By Tom Goulding
A trolley is hurtling down a track and there are five people tied to the track in its path. You know the trolley will kill them if it is not stopped, but your only available course of action is to divert it down another track, which has only one person tied down to it. Do you divert the trolley to save five lives instead of one? What if you are looking at the trolley from a bridge above, and your only way of stopping the trolley hitting the five people is to push a heavy man over the bridge and onto the tracks? Should you still save the five people instead of one? If not, what is the difference between the two scenarios? Would it make a difference if there was simply a lever by which you could make the heavy man fall from the bridge onto the tracks?

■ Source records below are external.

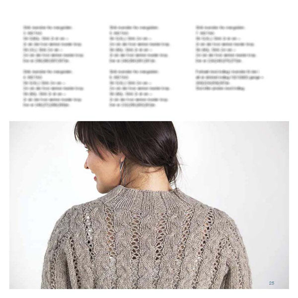 Farverne blå, hvid, grå og brun er gennemgående og tegner helheden i strikkebogen.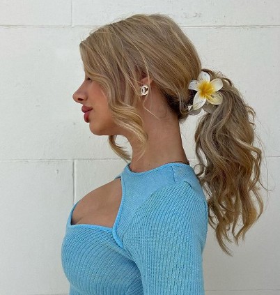 Klamra hibiskus spinka do włosów duża kwiat kwiatek boho hawajska turkus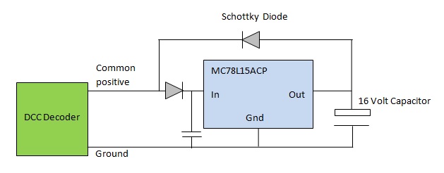 Stay Alive Capacitors: The space available within the Class 37 body work for stay alive capacitors is quite limited. About the only useful volume is in the nose sections. I can definitely get a single 1000uF 25V cap into each end, but I would prefer to double the total capacitance. I've located some physically smaller 16 Volt 1000uF caps that would allow a pair to go into each end..... but 16 Volts is a bit close to the kind of voltages that some DCC systems might throw at the locomotive....... so I'm going to experiment with a tiny low cost voltage regulator, that will protect the capacitors from excessive charging voltages. (The same approach would also offer equivalent protection to super-capacitor packs rated at 16V max.)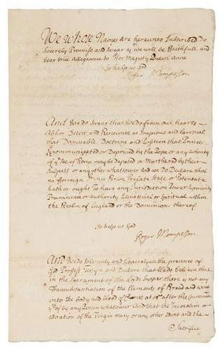 MOMPESSON, Roger. Manuscript qualification oath, s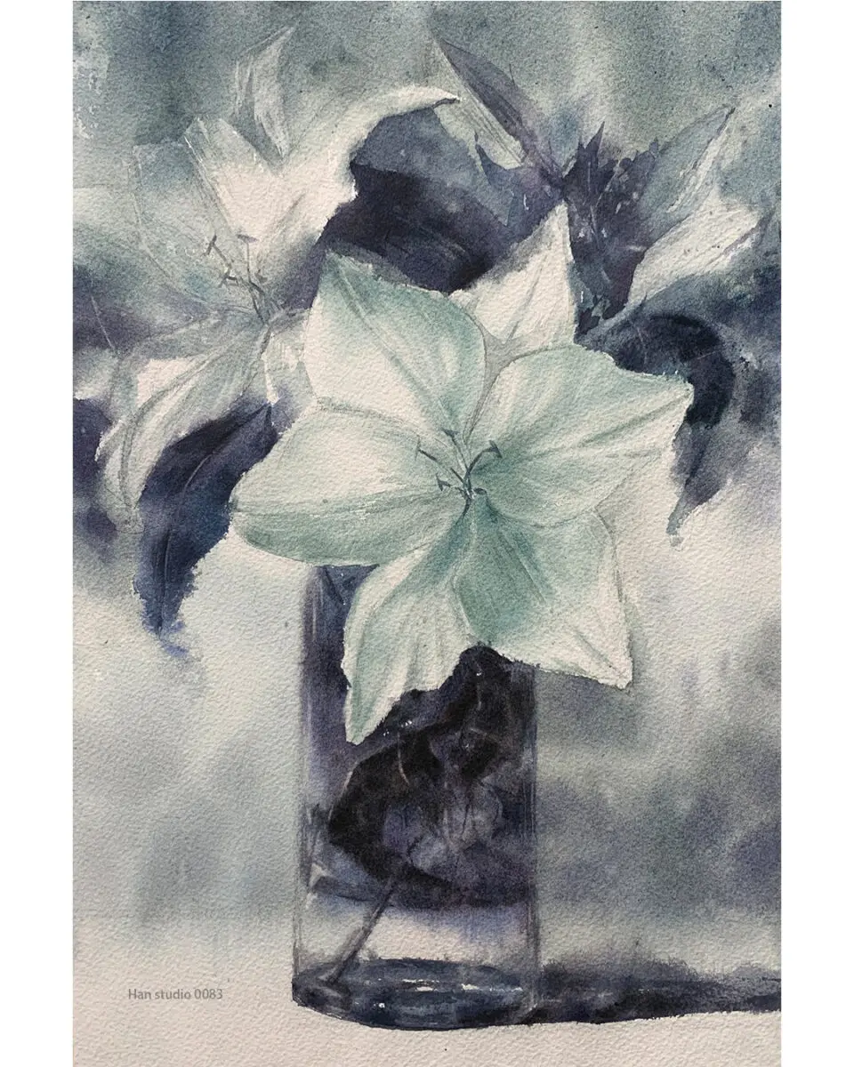 Use complementary or cool colors to express the colors after the area transition, the red lily's shadow with seawater blue and sage red, ivory black.
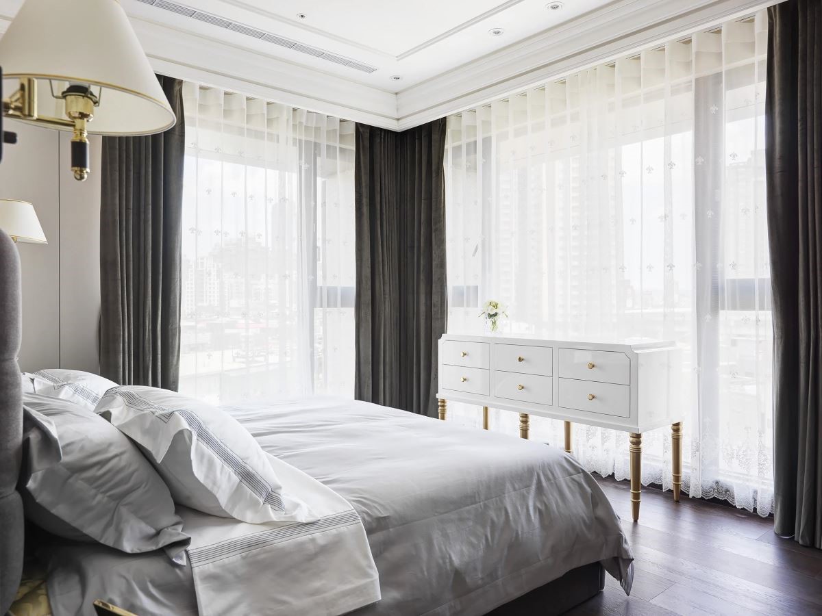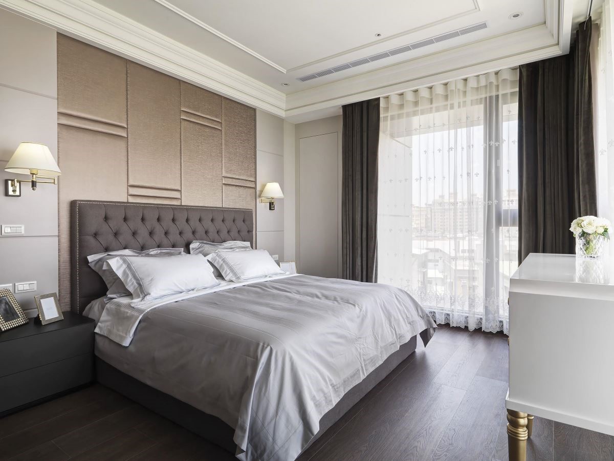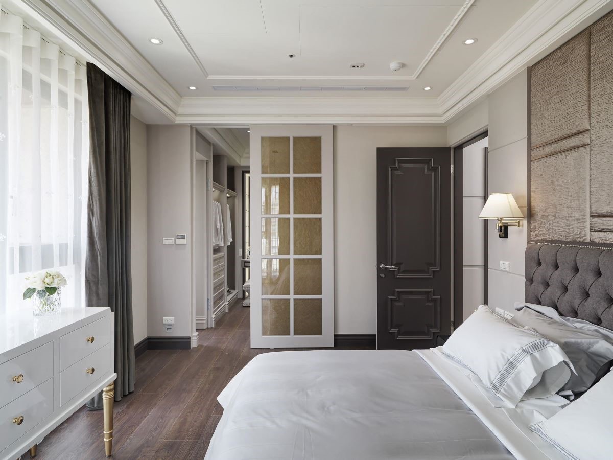 主卧室拥有两侧采光,保满的自然光让室内显得明亮、舒服,床头以金色绷布铺陈,流露低调奢华感。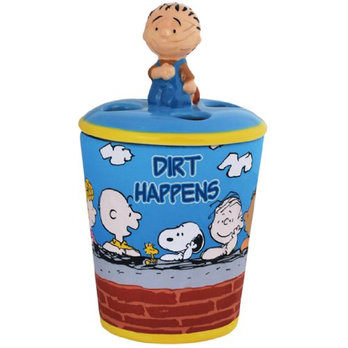 Westland Giftware Ceramic Toothbrush Holder, 6.5-Inch Tall, Peanuts Pig Pen Dirt Happens

In the summer of 1884, four English sailors from the sunken Mignonette ship were stranded in a lifeboat in the middle of the Atlantic. After eight days, it was clear that one of the sailors, a cabin boy called Richard Parker, was dying. One of the other sailors warned Parker what must be done and suddenly killed him with a penknife. For four days the other three sailors fed on Parker’s body to survive. Then another ship appeared and they were rescued, taken back to England and put on trial. Were their actions justified, given the fact that they probably would all have died if they had not sacrificed Parker? Is it wrong because it exploits the vulnerable and takes his life without consent?

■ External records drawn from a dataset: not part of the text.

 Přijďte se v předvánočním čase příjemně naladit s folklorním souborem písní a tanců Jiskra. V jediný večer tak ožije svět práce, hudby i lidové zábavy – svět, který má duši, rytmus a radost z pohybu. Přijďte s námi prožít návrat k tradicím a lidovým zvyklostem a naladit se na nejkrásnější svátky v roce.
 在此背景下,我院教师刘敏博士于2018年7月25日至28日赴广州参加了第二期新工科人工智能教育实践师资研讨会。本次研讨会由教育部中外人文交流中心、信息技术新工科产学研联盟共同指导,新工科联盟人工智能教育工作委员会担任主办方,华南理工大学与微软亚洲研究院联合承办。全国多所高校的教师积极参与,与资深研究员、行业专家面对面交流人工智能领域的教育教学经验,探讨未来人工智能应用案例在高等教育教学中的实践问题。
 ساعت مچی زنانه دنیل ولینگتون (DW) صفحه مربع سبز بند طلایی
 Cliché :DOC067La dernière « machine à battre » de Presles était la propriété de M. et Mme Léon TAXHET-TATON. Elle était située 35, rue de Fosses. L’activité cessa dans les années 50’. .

If enough Romans filled the Coliseum, were they justified in throwing Christian slaves into the pit to fight and inevitably be mauled by lions, given the large quantity of entertainment it provided to the thousands of Romans? Are you justified in torturing a terror suspect given there is information at stake as to a possible bomb on a London train? What is you know that train only has one or two people on it? What if the only way to extract this information is to torture the terror suspect’s daughter?

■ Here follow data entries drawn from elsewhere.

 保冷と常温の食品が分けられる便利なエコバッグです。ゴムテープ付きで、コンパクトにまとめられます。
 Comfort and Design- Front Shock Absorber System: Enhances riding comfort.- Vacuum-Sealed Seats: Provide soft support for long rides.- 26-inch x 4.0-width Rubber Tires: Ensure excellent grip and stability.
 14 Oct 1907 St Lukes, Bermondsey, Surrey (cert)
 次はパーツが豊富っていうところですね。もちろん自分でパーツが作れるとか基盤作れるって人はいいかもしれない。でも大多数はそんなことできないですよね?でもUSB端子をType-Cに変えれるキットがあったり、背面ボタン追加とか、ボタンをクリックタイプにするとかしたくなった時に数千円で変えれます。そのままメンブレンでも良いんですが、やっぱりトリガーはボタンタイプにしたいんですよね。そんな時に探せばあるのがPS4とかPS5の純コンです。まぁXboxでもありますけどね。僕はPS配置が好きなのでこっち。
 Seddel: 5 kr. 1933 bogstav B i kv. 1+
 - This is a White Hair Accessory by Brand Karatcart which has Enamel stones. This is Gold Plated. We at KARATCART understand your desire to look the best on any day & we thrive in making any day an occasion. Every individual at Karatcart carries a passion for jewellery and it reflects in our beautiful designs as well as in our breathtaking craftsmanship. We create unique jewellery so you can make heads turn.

William and Elizabeth Stern were a happily married couple from Tenafly, New Jersey who wanted a child but couldn’t have one. They signed a contract with Mary Beth Whitehead for Ms Whitehead to bear the Stern’s child over nine months, after the artificial insemination of William Stern’s sperm, for a fee of $10,000. Having given birth to a baby girl, Ms Whitehead fled to Florida with the child, refusing to give it up. After Florida police found her, the custody fight went to court. Should Ms Whitehead honour the contract and give up baby Marissa, given she freely chose to engage in said contract? Or should she be allowed to keep the baby given her decision to agree the contract was not fully informed of the emotional commitment the deal would involve? Indeed, are there some things a market should not decide, such as the raising of a child?
Clare Hopwood was a white Californian who applied to Texas Law School. She scored well on the admissions tests but was not accepted to the school, despite having, on the face of it, a stronger application than various African American and Hispanic students. The university explained that part of its mission was to increase the racial and ethnic diversity of the legal profession, and so her rejection was justified despite her having a stronger application in academic terms. Was this affirmative action policy justified, given several admitted students were deemed more valuable than Hopwood only on the basis of their heritage? Is there any difference between this and the racial exclusion and anti-semitism of earl 20th century academic institutions? Should public institutions such as universities be free to set their missions and goals?
Michael Sandell addresses questions such as these with the balance of lucidity and complexity most academics can only dream of. Justice goes on a journey through the most influential theories in the history of political thought; the utilitarianism of Bentham and Mill, the freedom based-theories of Immanuel Kant and John Rawls, and the virtue theory of Aristotle. Through these thinkers, Sandell considers the three main conceptions of justice – justice as welfare, justice as freedom and justice as virtue. He uses everyday and real life examples to illuminate thinkers’, whose language and context might otherwise be lazily resisted. Sandell assumes nothing and holds no dogma while addressing these issues, making the reader question every prejudice and moral paradigm he might hold when trying to think of answers.
To conclude the work, Sandell puts forward a stronger argument for an evolution in citizenship than modern-day politician’s rhetoric ever could, based on civic virtue and a common good which doesn’t intrude on universal rights of freedom and choice. In today’s media, the majority of debate can often feel no more than an ideological food fight, a slanging match where the only moves seem to be “Boo your opinion!” or “Hurray for mine!”. But with a presidential election to come next year in America, Justice gives you the intellectual tools to see what is really at stake with each issue, whether that be same-sex marriage, abortion or public spending.
As the professor of Government at Harvard University, Sandell gives us an accessible anthology in political philosophy for anyone who wants to think clearly and confidently about morality and citizenship.